Molecular Biology > RNA > RNA-protein interaction
Authors: Elise Alspach
Elise AlspachAffiliation 1: Departments of Cell Biology and Physiology, Washington University School of Medicine, St. Louis, USA
Affiliation 2: Departments of ICCE Institute, Washington University School of Medicine, St. Louis, USA
Bio-protocol author page: a2235
 and Sheila A. Stewart
Sheila A. StewartAffiliation 1: Departments of Cell Biology and Physiology, Washington University School of Medicine, St. Louis, USA
Affiliation 2: Departments of ICCE Institute, Washington University School of Medicine, St. Louis, USA
Affiliation 3: Departments of Medicine, Washington University School of Medicine, St. Louis, USA
For correspondence: sheila.stewart@wustl.edu
Bio-protocol author page: a2236
Vol 5, Iss 10, 5/20/2015, 1776 views, 0 Q&A, How to cite
DOI: http://dx.doi.org/10.21769/BioProtoc.1481

[Abstract] Immunoprecipitation and subsequent isolation of nucleic acids allows for the investigation of protein:nucleic acid interactions. RNA-binding protein immunoprecipitation (RIP) is used for the analysis of protein interactions with mRNA. Combining RIP with quantitative real-time PCR (qRT-PCR) further enhances the RIP technique by allowing for the quantitative assessment of RNA-binding protein interactions with their target mRNAs, and how these interactions change in different cellular settings. Here, we describe the immunoprecipitation of the RNA-binding protein AUF1 with several different factors associated with the senescence-associated secretory phenotype (SASP) (Alspach and Stewart, 2013), specifically IL6 and IL8. This protocol was originally published in Alspach et al. (2014).

Materials and Reagents

  1. Tissue culture
    1. DMEM (Sigma-Aldrich, catalog number: D6429)

    2. Fetal bovine serum (FBS) (Sigma-Aldrich, catalog number: F2442)
    3. Medium M199 (Sigma-Aldrich, catalog number: M7528)
    4. Penicillin/streptomycin (Sigma-Aldrich, catalog number: P4333)

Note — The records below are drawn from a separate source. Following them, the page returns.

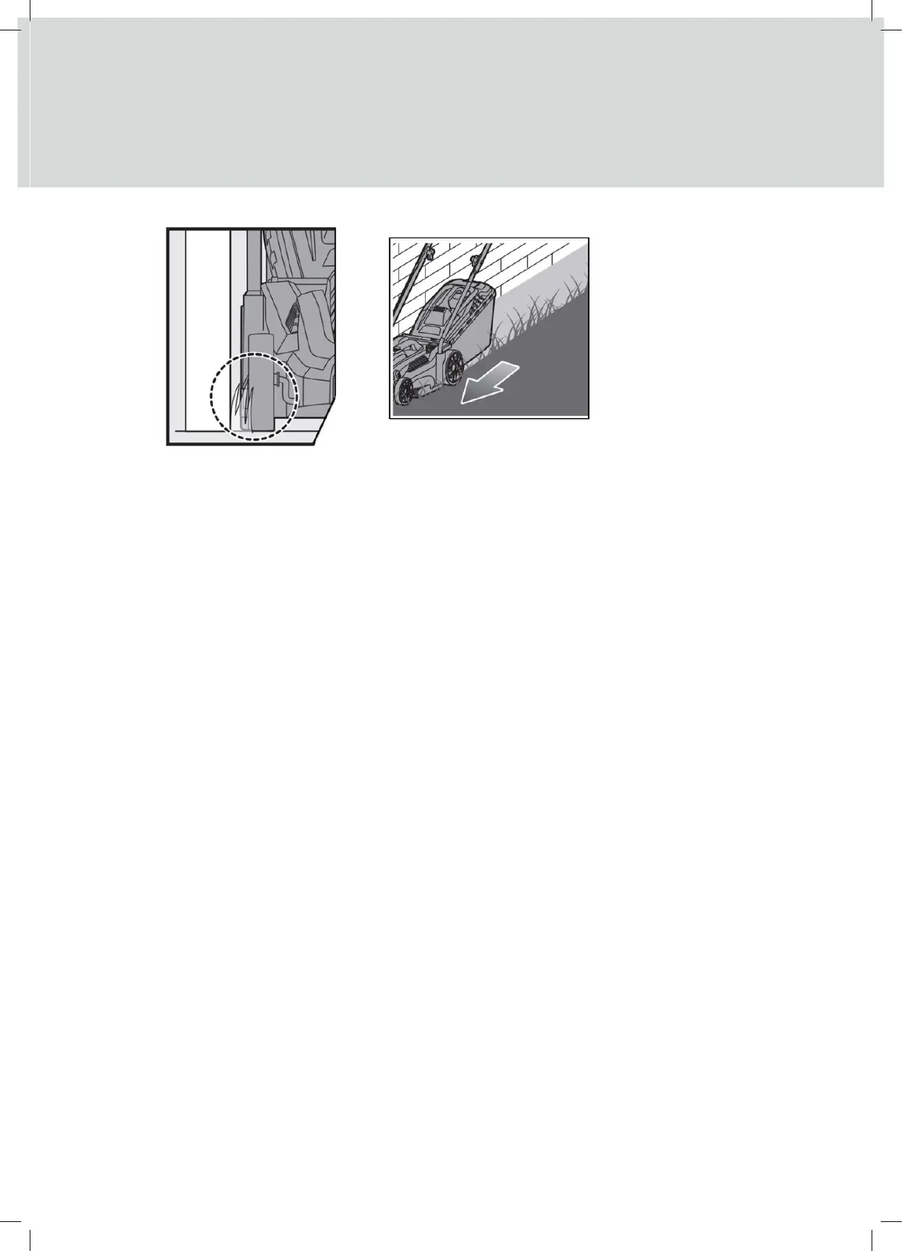 When cutting on slopes, ensure your footing is secure, the grass is not wet and the machine is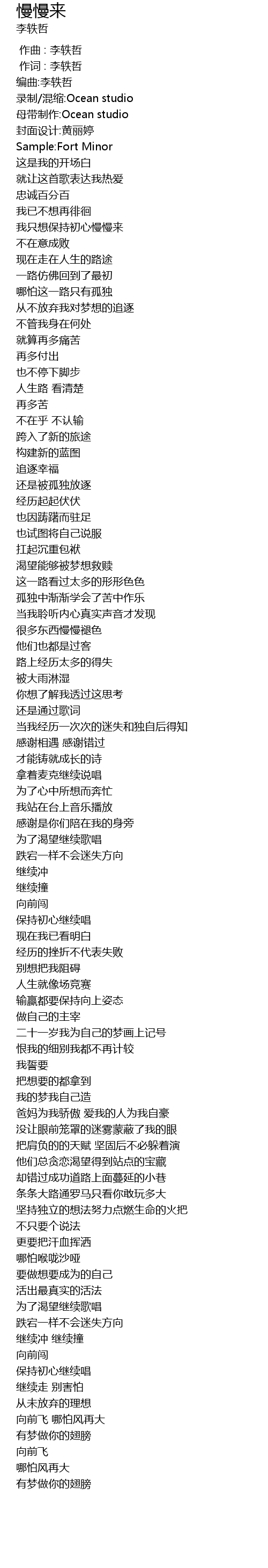 | [00:38.57] | wǒ zhǐ xiǎng bǎo chí chū xīn màn màn lái |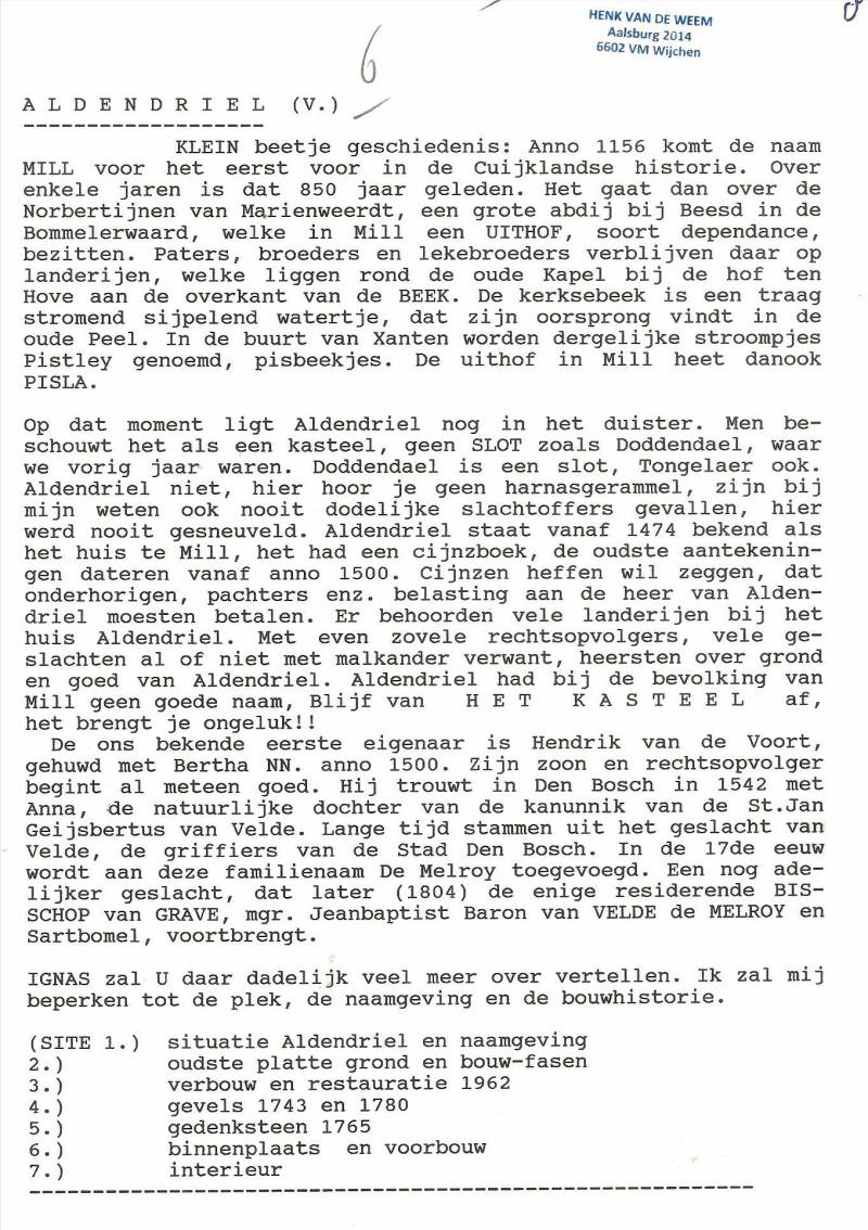 Hier beneden emailwisselingen tussen de Heren Henk van de Weem, Drs. Jan Lange en Maarten Hermanussen met info over Kasteel Aldendriel.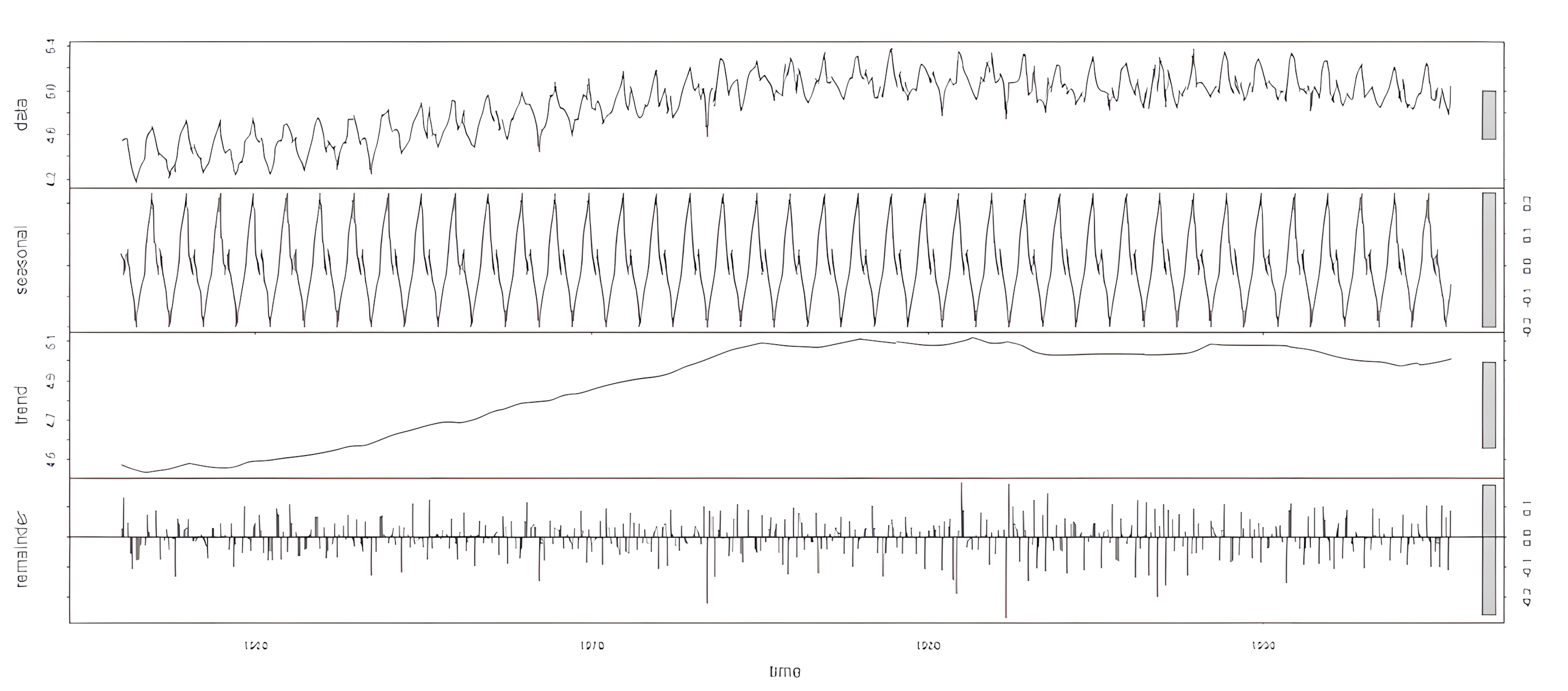 V R existuje veľmi pekná funkcia stl, ktorá rozloží časový rad na trendovú, sezónnu a náhodnú zložku.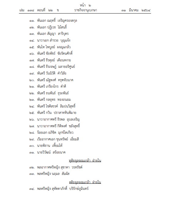 ทั้งนี้ ตั้งแต่วันที่ 25 มีนาคม พุทธศักราช 2564 ยกเว้นลำดับที่ 10 และลำดับที่ 16 ตั้งแต่วันที่ 22 มีนาคม พุทธศักราช 2564 ลำดับที่ 36 ถึงลำดับที่ 37 และลำดับที่ 46 ถึงลำดับที่ 47 ตั้งแต่วันที่ 27 มีนาคม พุทธศักราช 2564 ลำดับที่ 15 และลำดับที่ 27 ถึงลำดับที่ 28 ตั้งแต่วันที่ 28 มีนาคม พุทธศักราช 2564 ลำดับที่ 2 ถึงลำดับที่ 4 ตั้งแต่วันที่ 29 มีนาคม พุทธศักราช 2564 ประกาศ ณ วันที่ 31 มีนาคม พุทธศักราช 2564 เป็นปีที่ 6 ในรัชกาลปัจจุบัน
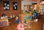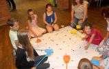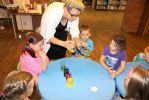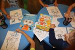 Kolory, wynalazki, kosmos i roboty dostarczyły dzieciom niezapomnianych wrażeń. Na wstępie bawiły się różnymi barwami, kształtami i cieniami. Następnie wykorzystując różne barwniki spożywcze, mąkę, sodę, płyn do mycia naczyń czy piankę do golenia przeprowadziły proste eksperymenty chemiczne tworząc np: tęczę, "wybuchające wulkany", masę plastyczną i inne pasjonujące bąbelkowe czary. Misja w kosmosie była bardzo twórcza. Poznały układ słoneczny, dowiedziały się co trzeba zrobić, aby być kosmonautą oraz jak wygląda statek kosmiczny. Wykonały również swoje własne statki kosmiczne. Natomiast projektowanie robotów było nie lada wyzwaniem, ale nie sprawiło wielkich trudności. Dzieci wspólnie zrobiły wielkiego robota, następnie zaprogramowały go w bibliotece, aby mógł się poruszać.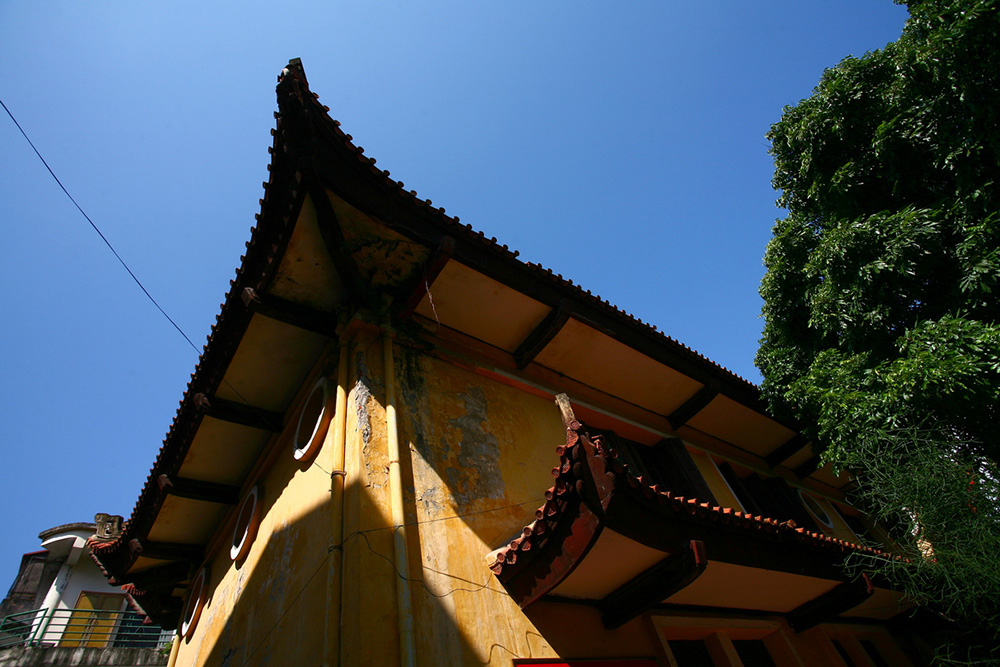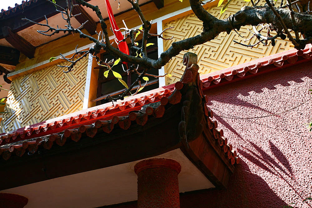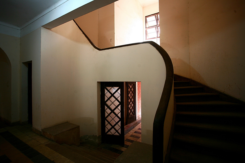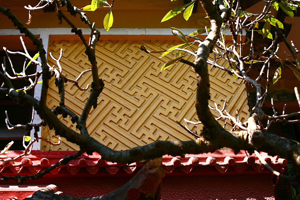 Mảng tường trang trí hoa văn hình chữ “Vạn”ở mặt tiền khối cầu thang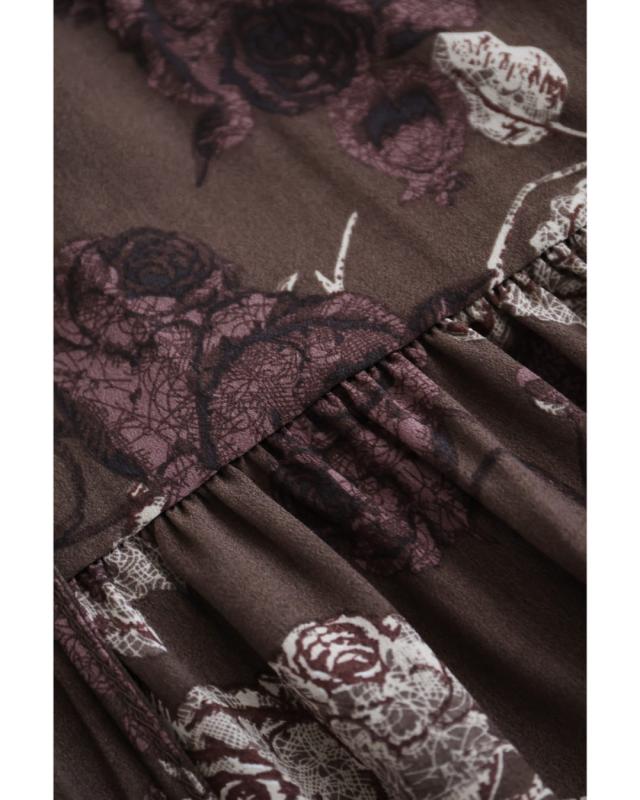 新作12月11日 優雅なバラ描くショコラカラーミディアムワンピース cawaii wkj00306 S~2L対応 大人女子 プリント ティアード 体型カバー ブラウン おしゃれ 柄 おでかけ 日常 レディース ファッション 大人 ママ ミセス 30代 40代 50代 60代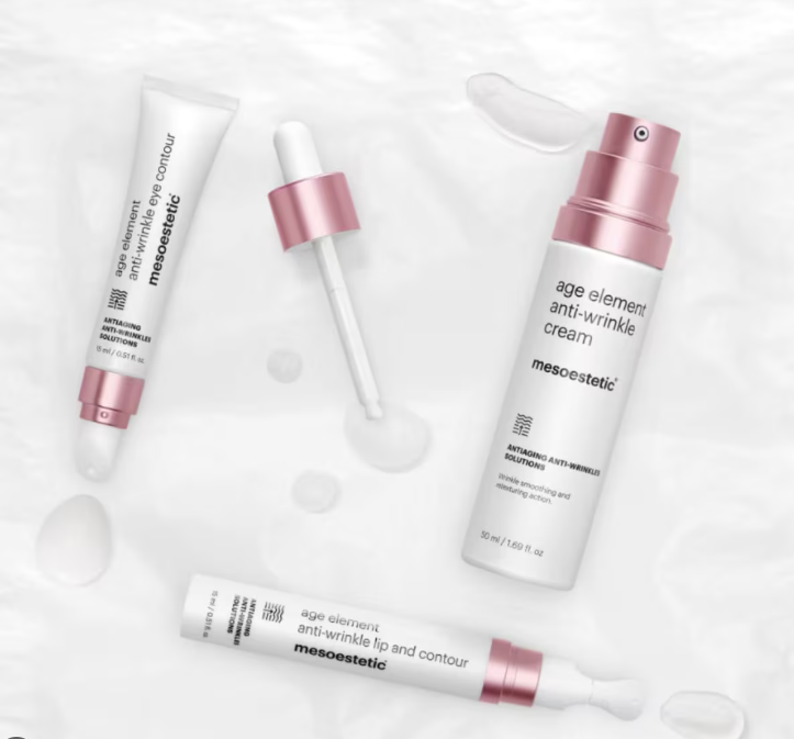 Age Element е продуктова серия, която се бори срещу признаците на стареенето на кожата. След много години изследвания Mesoestetic разработи решение, базирано на епигенетиката. Марката притежава патент за разработването на система, която действа на основните маркери на стареенето. Проучванията показват, че продуктите от гамата, след продължителна употреба, помагат за повишаването на експресията на маркера за клетъчно дълголетие – SIRT1, което е безспорно доказателство за мощното действие на продуктовата серия Age Element.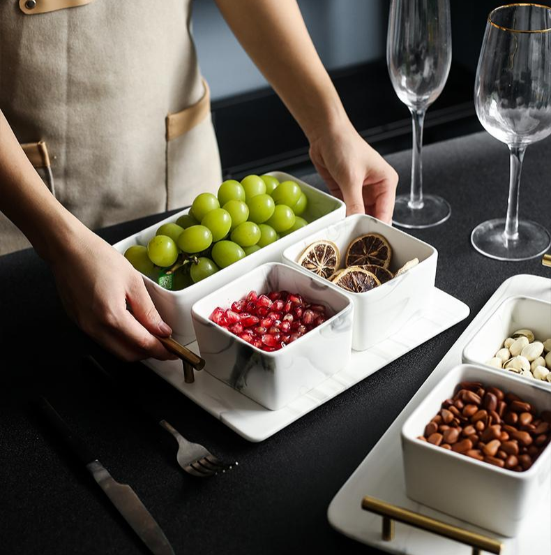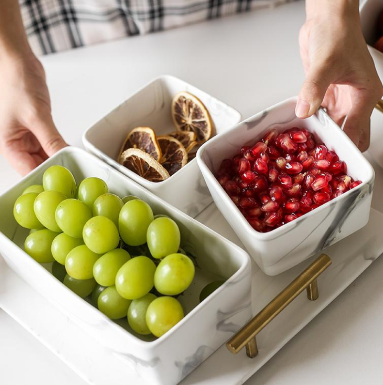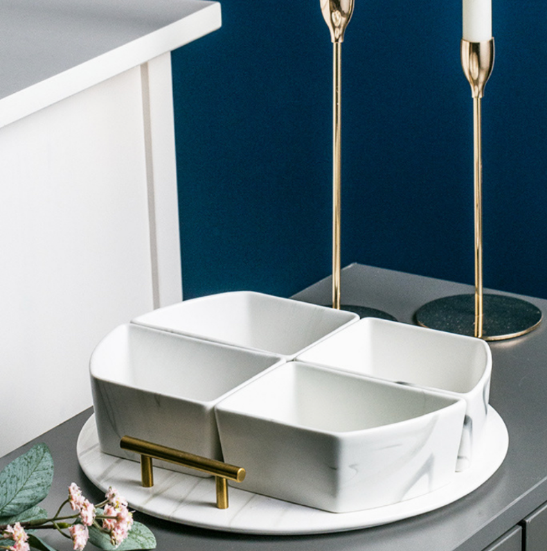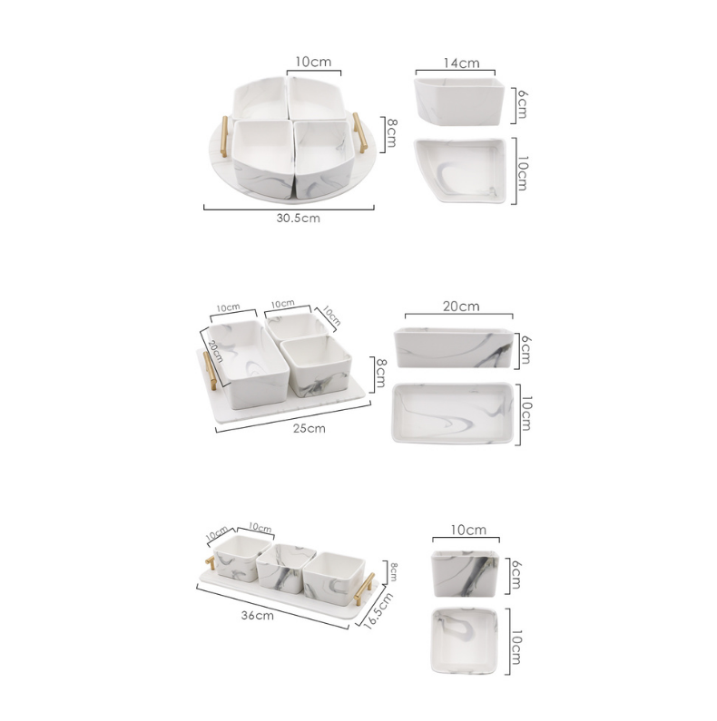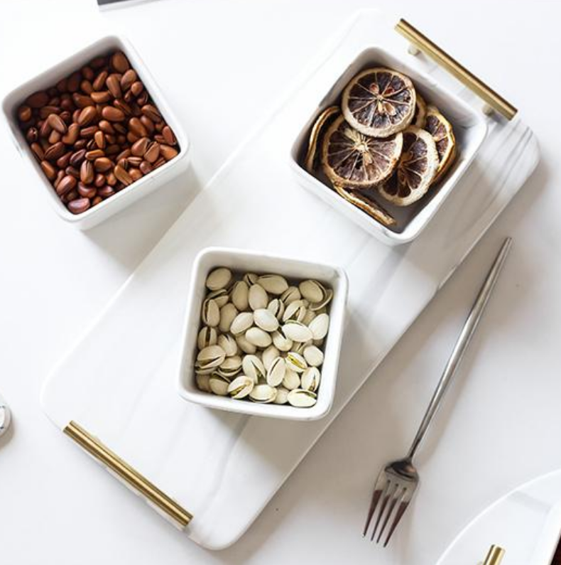 Our marble condiment bowl set definitely owns that wow factor, almost a guarantee to make your guest go gaga. Tray is included and can be used separately to hold your beverages or for bathroom decoration and organizer. Whichever way you want it be!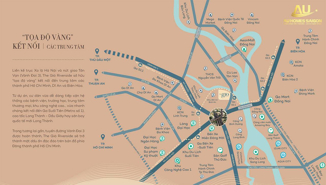 Ngoài ra, từ The Gió Riverside thông qua cầu Đồng Nai, Xa lộ Hà Nội, đường QL 1A, cư dân dễ dàng tiếp cận được rất nhiều công trình hạ tầng tiện ích hiện đại: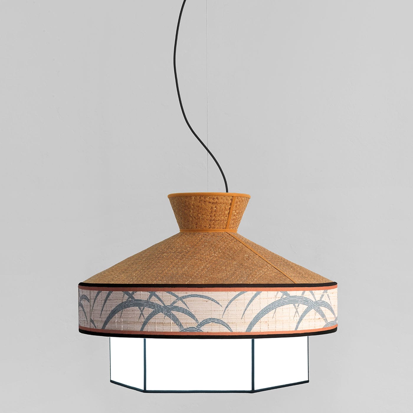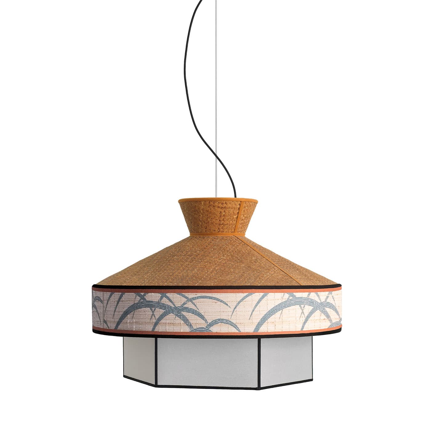 Лампа Giardino воплощает эклектичный стиль 1950-х годов, отражая процветание миланской буржуазии. Изготовленная из ротанга и жаккарда, она отличается контрастной отделкой белого пергаментного плафона, вдохновленного Дальним Востоком и жизнью на открытом воздухе, и дополненного узором Misia с листьями. Лампа оснащена белой железной потолочной чашей и лампочкой E27/E26 (не входит в комплект) с чёрным шёлковым кабелем. Совместима с системами диммирования.
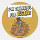This funny vegan Thanksgiving sticker features a cartoon turkey in a pilgrim hat saying, "I'm Thankful for Vegans." Also available on t-shirts, aprons, bags, apparel, and other gift ideas.

    5. BJ human foreskin fibroblasts

    6. Bleomycin sulfate (Sigma-Aldrich, catalog number: B8416)
    7. BJ culture media (see Recipes)

  2. General materials
    1. Bradford Protein Assay reagent (Bio-Rad Laboratories, catalog number: 500-0006)
    2. Polyclonal anti-AUF1 antibody (EMD Millipore, catalog number: 07260MI)

    3. Normal Rabbit IgG antibody (Cell Signaling Technology, catalog number: 2729)
    4. Protein A Dynabeads (Life Technologies, catalog number: 10002D)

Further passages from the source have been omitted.